LA VÉRITABLE LIBÉRATION SEXUELLE EST À VENIR
La libération sexuelle annoncée dès mai 68 a d'abord permis aux hommes d'affirmer leurs désirs, à charge pour les femmes de les satisfaire. En effet, une femme, à plus forte raison une camarade, osant refuser l'"hommage" d'une telle proposition était stigmatisée par la critique suprême : "T'es pas libérée !" (variantes : "T'es coincée !" ou "frigide"). Comme si "libération des femmes" signifiait mise à disposition sexuelle au profit de tous les hommes de l'entourage… De grandes intellectuelles mirent en forme une opposition politique à ce machisme de gauche. C'est à des féministes des années 70 qu'on doit le début de la révolution conceptuelle si bien exprimée dans le titre donné par la sociologue Nicole-Claude Mathieu à son article : "Quand céder n'est pas consentir" (1978).

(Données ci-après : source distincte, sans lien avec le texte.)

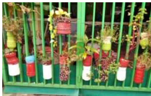
Gambar 4. Hasil dari Kegiatan Abdimas

Program kegiatan ini yaitu pendampingan secara langsung mengenai proses pemanfaatan barang bekas menjadi barang yang berguna, contohnya botol bekas minuman yang dapat dijadikan sebagai pot untuk tanaman dan juga dapat dibuat sebagai alat pembelajaran bagi anak-anak. Salah satu contoh pengelolaan sampah menjadi barang yang berguna yaitu salah satunya membuat sabun atau lilin aroma terapi dari minyak jelantah, cara membuat sabun dari minyak jelantah, yaitu: Pertama, menuangkan air ke dalam wadah dan taburkan soda api, kemudian mengaduknya perlahan, tunggu air hingga suhunya dingin. Kedua, disaat suhu sudah dingin, dimasukan minyak jelantah tersebut sambil diaduk hingga bahan merata dan mengental. Ketiga, agar memiliki aroma dan tampil berwarna maka ditambahkan pewangi dan pewarna makanan ke dalam cetakan sabun. Keempat, setelah mengeras maka sabun dapat langsung digunakan untuk mandi maupun mencuci pakaian.

Ensuite, la philosophe Geneviève Fraisse et d'autres penseuses approfondirent la notion de consentement. Traduction sur des banderoles lors de manifestations contre le viol : "Quand une femme dit “non'', c'est non", ou "Viol de nuit, terre des hommes" (Paris, 19 septembre 1985). Depuis lors, les mentalités évoluent, certes très lentement, vers une perception de la rencontre sexuelle comme celle de deux désirs, dans la liberté et l'égalité. Plaire par ses propres mérites, susciter l'acquiescement de l'autre, au lieu d'imposer sa volonté par la contrainte, c'est découvrir que les baisers échangés ont meilleur goût, pour les deux, que les baisers volés. Loin des grands machos de ce monde et de leur argent qui prétend acheter les consciences, voilà que quelques hirondelles annoncent le printemps d'une authentique libération sexuelle : des femmes se libèrent de leurs inhibitions et apprennent à exprimer leurs désirs sans craindre le jugement d'autrui, des hommes n'ont pas peur de se sentir considérés comme des objets de désir, et certains privilégiés y trouvent même du plaisir. Loin du tapage des médias et des rodomontades de vieux mâles s'accrochant à leur privilèges, de plus en plus de couples féministes montrent, discrètement, comment lier désir et respect de l'autre, plaisir et égalité.
Après l'insouciance de la "douce France" chantée par Trenet, et ses "baisers volés" chers à Truffaut, Dominique Strauss-Kahn a pu incarner la France dans son arrogance dominatrice, mais la prétendue séduction "à la française" apparaît désormais, le roi étant nu, pour ce qu'elle est : de la violence sexuelle.